- [PROBLEM DETAILS]
Below are records with pictures. Reproduce exactly the lines from the line with "Digger surfaces contextual" to the line with "ОТВЕТ на задание", inclusive, and leave each picture out.

- [ENTRIES SUPPLIED]
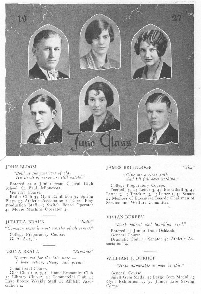1927 Sheboygan High School, Page 51: John Bloom, James Bruinooge, Julitta Braun, Vivian Burbey, Leona Braun, William Burhop.
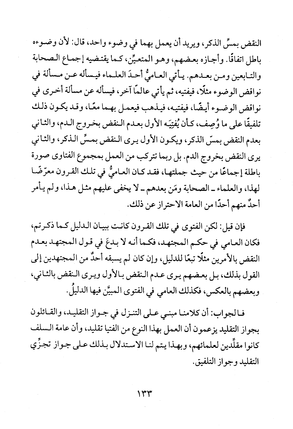 النقض بمسِّ الذكر، ويريد أن يعمل بهما في وضوء واحد، قال: لأن وضوءه باطل اتفاقًا. وأجازه بعضهم، وهو المتعيِّن، كما يقتضيه إجماع الصحابة والتابعين ومن بعدهم. يأتي العاميُّ أحدَ العلماء فيسأله عن مسألة في نواقض الوضوء مثلًا، فيفتيه، ثم يأتي عالمًا آخر، فيسأله عن مسألة أخرى في نواقض الوضوء أيضًا، فيفتيه، فيذهب فيعمل بهما معًا، وقد يكون ذلك تلفيقًا على ما وُصِف، كأن يُفتِيَه الأول بعدم النقض بخروج الدم، والثاني بعدم النقض بمسّ الذكر، ويكون الأول يرى النقض بمسِّ الذكر، والثاني يرى النقض بخروج الدم. بل ربما تتركب من العمل بمجموع الفتاوى صورة باطلة إجماعًا من حيث جملتها، فقد كان العاميُّ في تلك القرون معرّضًا لهذا، والعلماء ــ الصحابة ومَن بعدهم ــ لا يخفى عليهم مثل هذا، ولم يأمر أحدٌ منهم أحدًا من العامة الاحتراز عن ذلك.
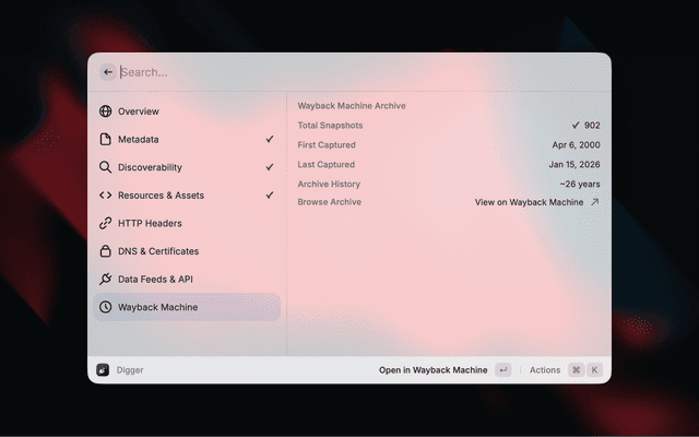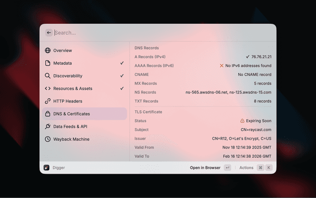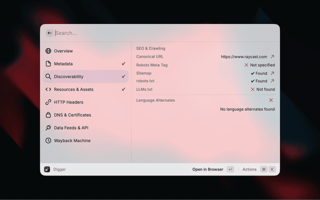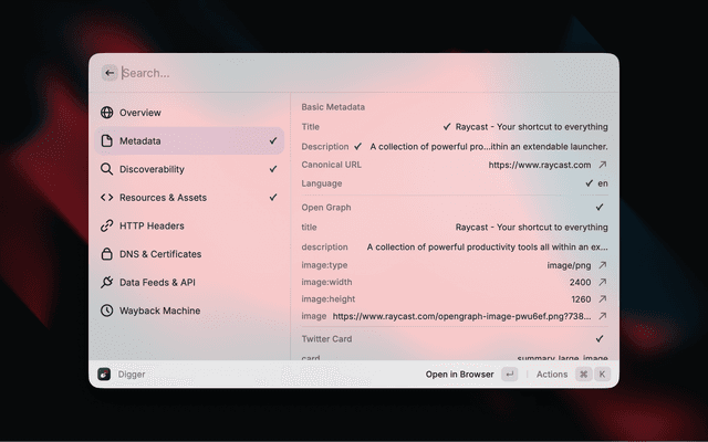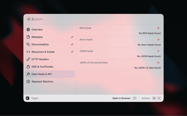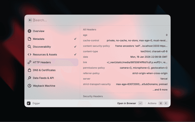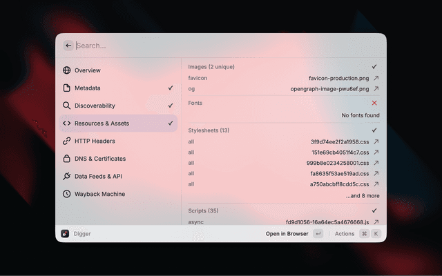 Digger surfaces contextual information about any website without needing to open developer tools. Enter a URL and instantly see metadata, SEO signals, security info, DNS records, and more.
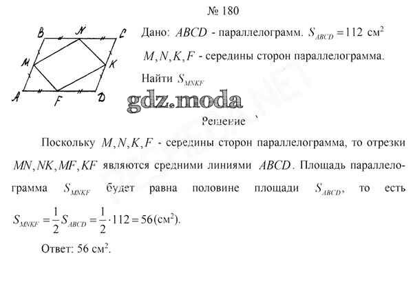 ОТВЕТ на задание № 180 Учебник по Геометрии 8 класс Казаков
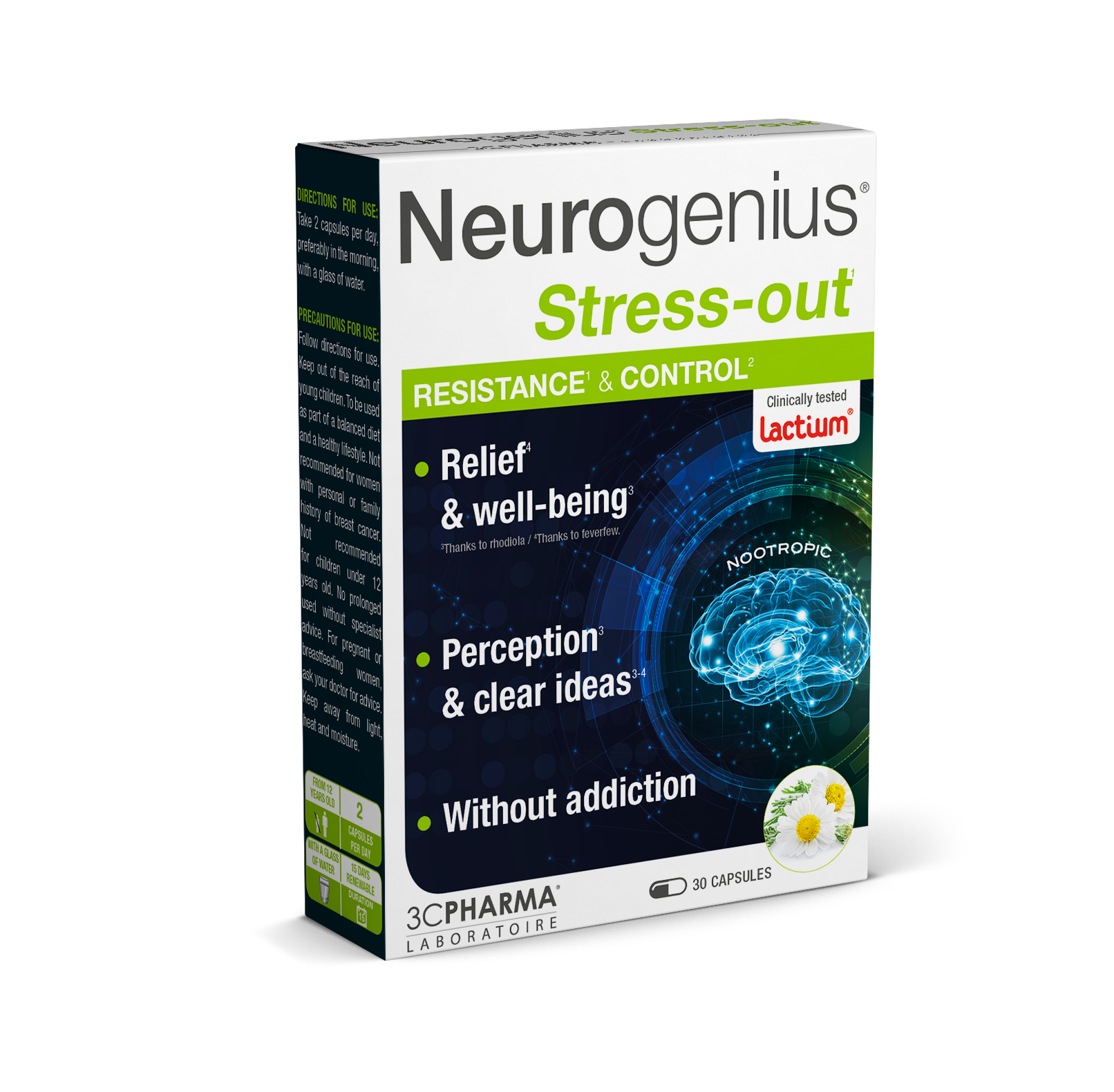 3C PHARMA Neurogenius Stress-Out ir sabalansēta mikroelementu, vitamīnu un augu ekstraktu kombinācija trauksmes un stresa mazināšanai, koncentrēšanās spēju uzlabošanai un ķermeņa atbalstam psihoemocionālas spriedzes vai enerģijas trūkuma laikā. Sastāvā esošais patentētais Lactium® var palīdzēt mazināt stresa izraisītu psihoemocionālu spriedzi, trauksmi un bezmiegu. Savukārt bazilika un rožainās radiolas ekstrakti palīdz uzturēt normālu darbspēju un emocionālo līdzsvaru. Šī kombinācija var būt noderīga arī atmiņas uzlabošanai.

- [OUTPUT BELOW]
 Digger surfaces contextual information about any website without needing to open developer tools. Enter a URL and instantly see metadata, SEO signals, security info, DNS records, and more.
 ОТВЕТ на задание № 180 Учебник по Геометрии 8 класс Казаков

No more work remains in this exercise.